The input:
========================

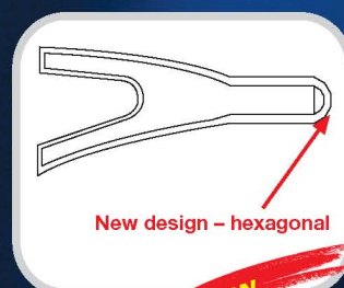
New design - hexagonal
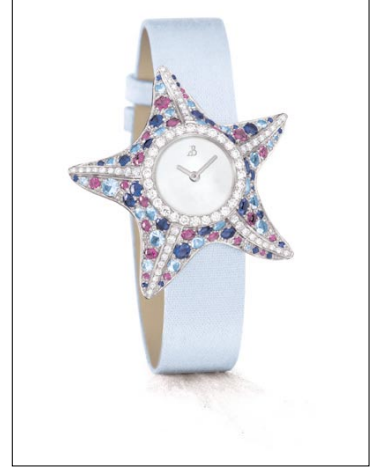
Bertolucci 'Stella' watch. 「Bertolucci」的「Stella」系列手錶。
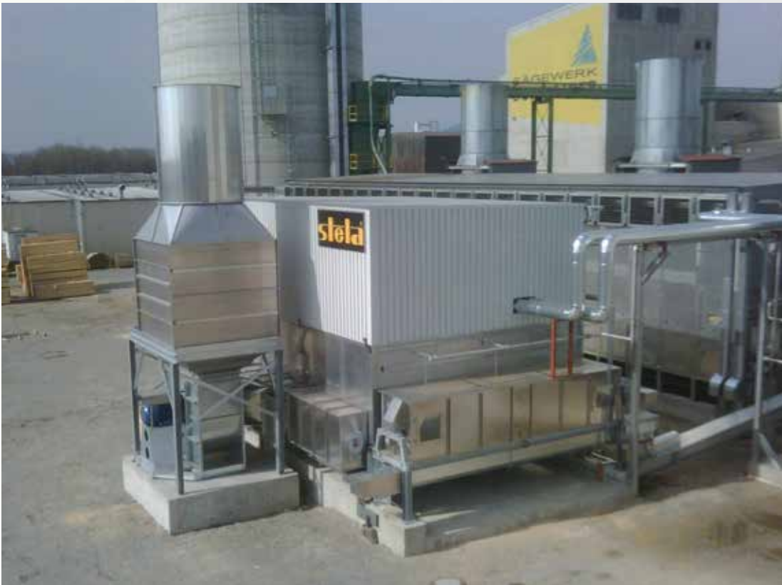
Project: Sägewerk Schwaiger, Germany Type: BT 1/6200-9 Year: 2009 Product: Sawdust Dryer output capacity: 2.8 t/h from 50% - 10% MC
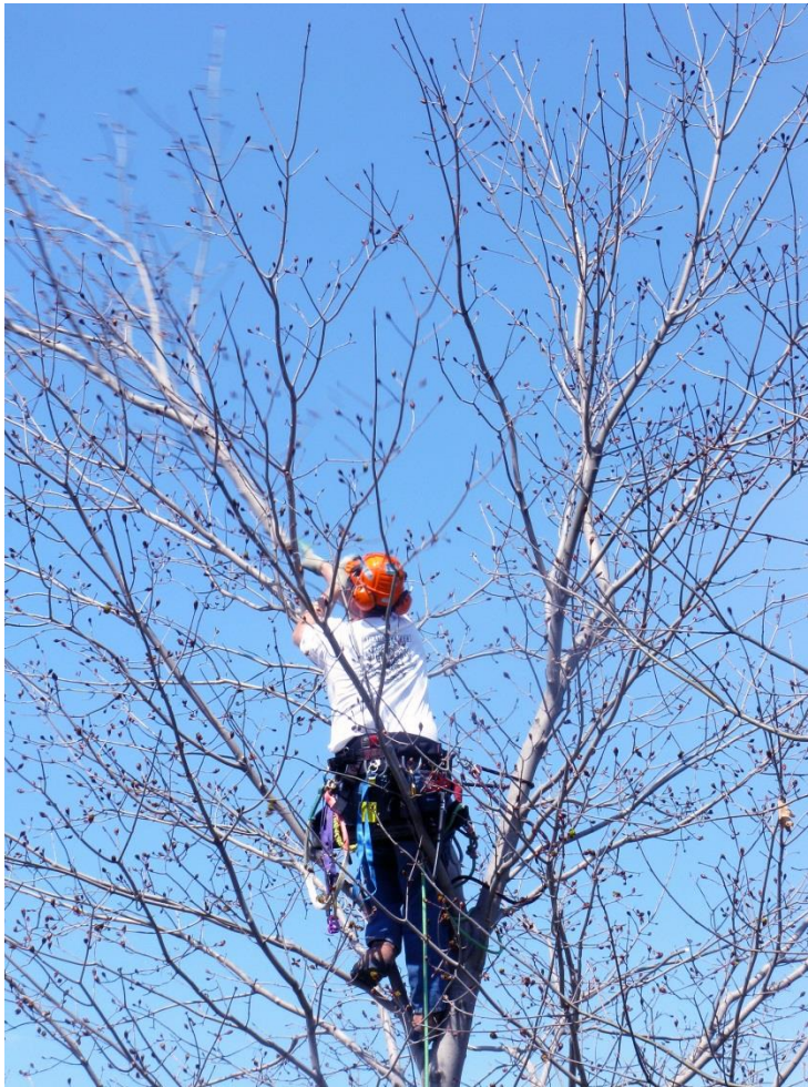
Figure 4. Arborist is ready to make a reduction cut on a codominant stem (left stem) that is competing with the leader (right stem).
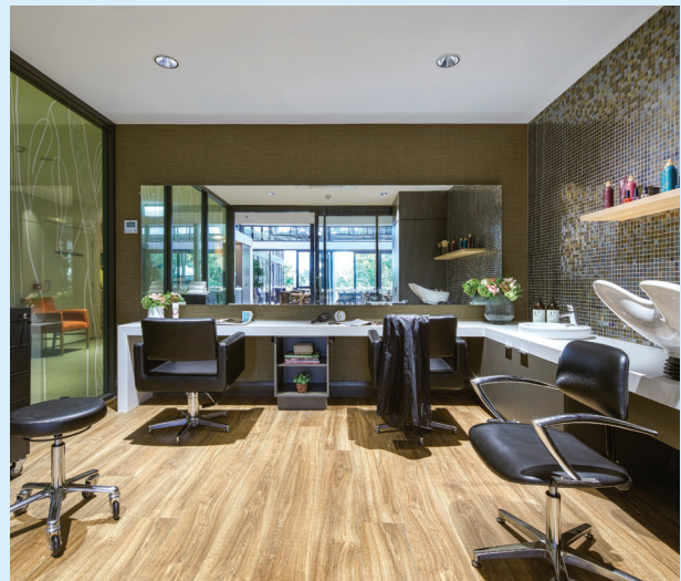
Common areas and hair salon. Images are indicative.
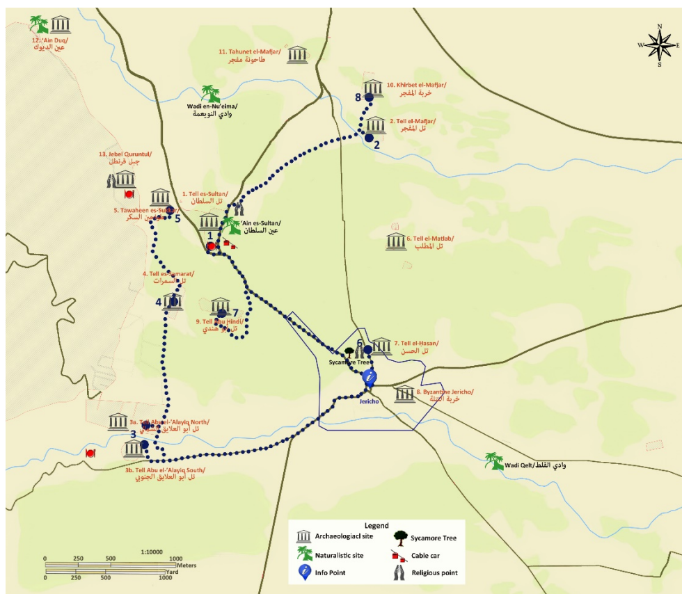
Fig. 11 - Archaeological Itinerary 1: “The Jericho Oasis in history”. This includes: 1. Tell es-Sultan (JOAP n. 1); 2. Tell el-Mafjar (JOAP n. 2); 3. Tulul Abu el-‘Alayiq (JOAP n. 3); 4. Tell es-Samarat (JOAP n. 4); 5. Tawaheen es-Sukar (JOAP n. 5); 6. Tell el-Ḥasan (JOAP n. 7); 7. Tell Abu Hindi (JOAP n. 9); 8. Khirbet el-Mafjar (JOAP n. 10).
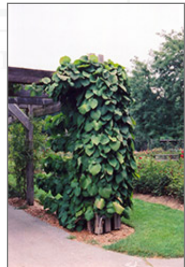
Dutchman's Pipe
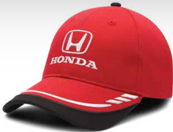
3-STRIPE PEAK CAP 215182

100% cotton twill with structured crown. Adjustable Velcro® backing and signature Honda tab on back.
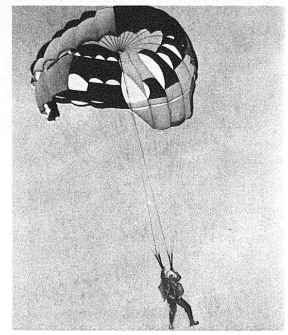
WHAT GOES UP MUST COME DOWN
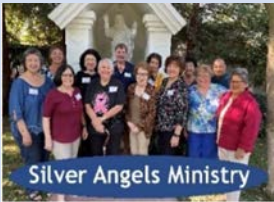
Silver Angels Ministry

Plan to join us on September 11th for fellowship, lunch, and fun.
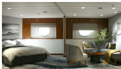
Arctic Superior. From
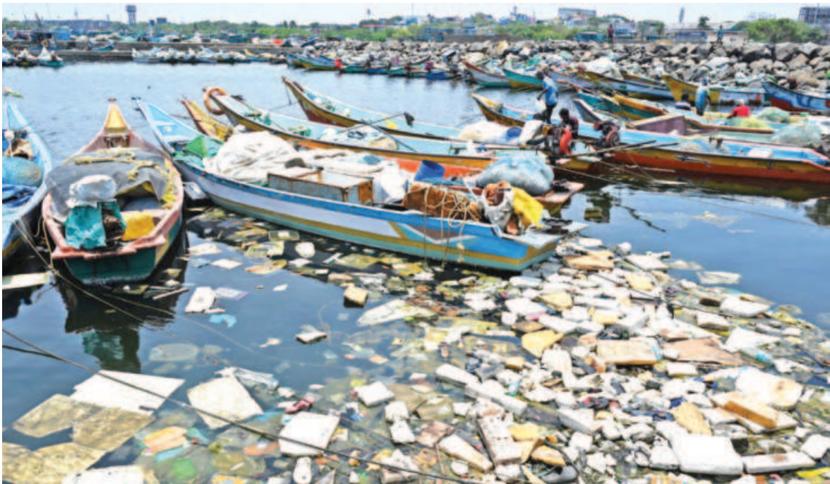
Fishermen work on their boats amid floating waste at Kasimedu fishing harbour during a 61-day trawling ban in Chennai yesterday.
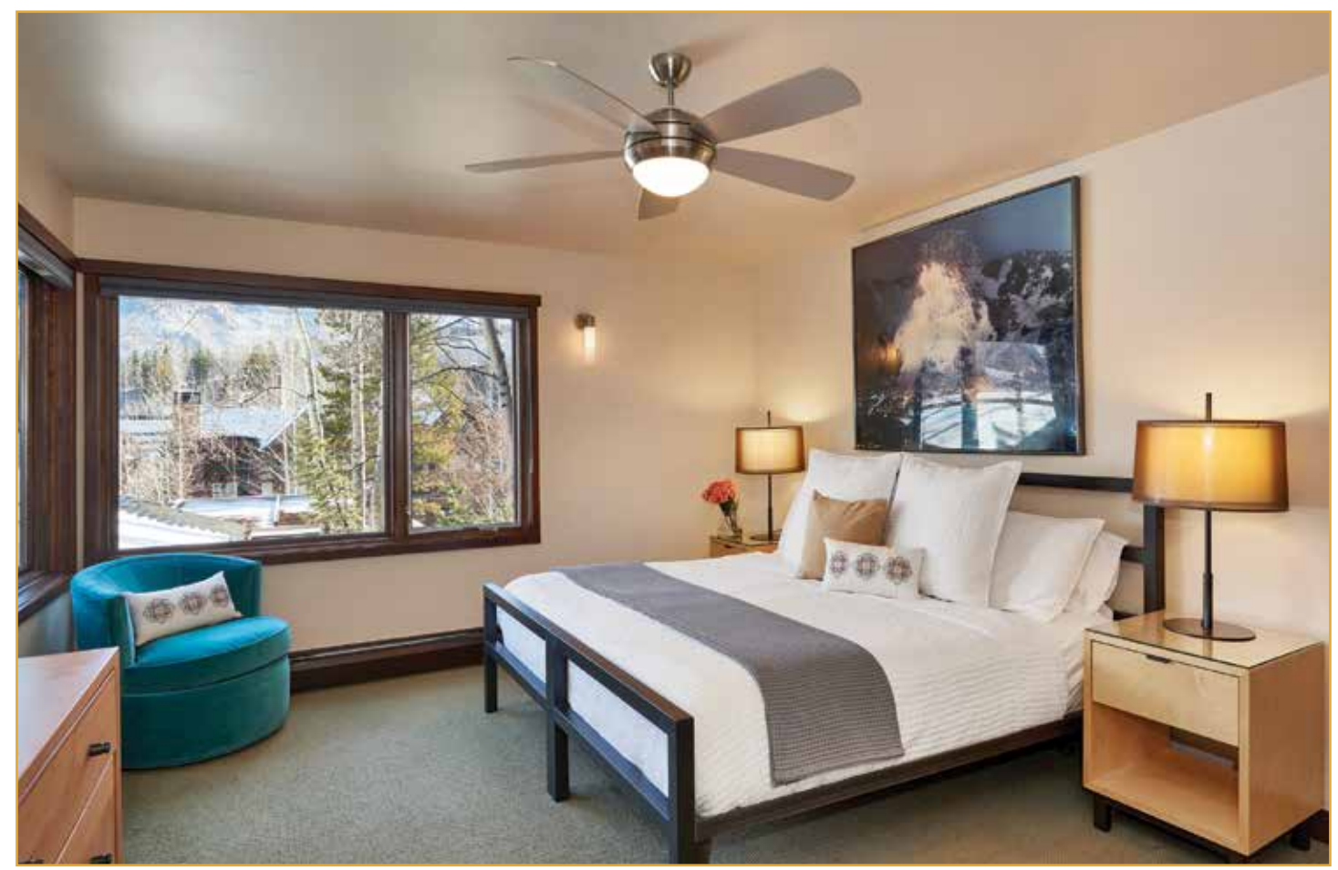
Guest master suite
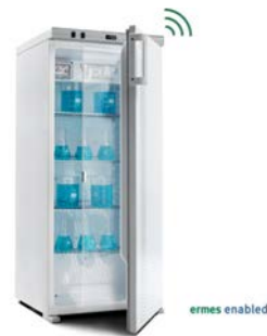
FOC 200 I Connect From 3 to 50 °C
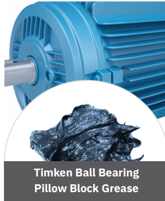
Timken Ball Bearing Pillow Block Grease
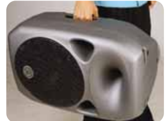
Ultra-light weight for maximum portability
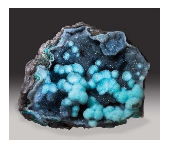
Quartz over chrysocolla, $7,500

========================

Directions for this task: Note each line of the material holding "with" and copy it out.

Task response:
Figure 4. Arborist is ready to make a reduction cut on a codominant stem (left stem) that is competing with the leader (right stem).
100% cotton twill with structured crown. Adjustable Velcro® backing and signature Honda tab on back.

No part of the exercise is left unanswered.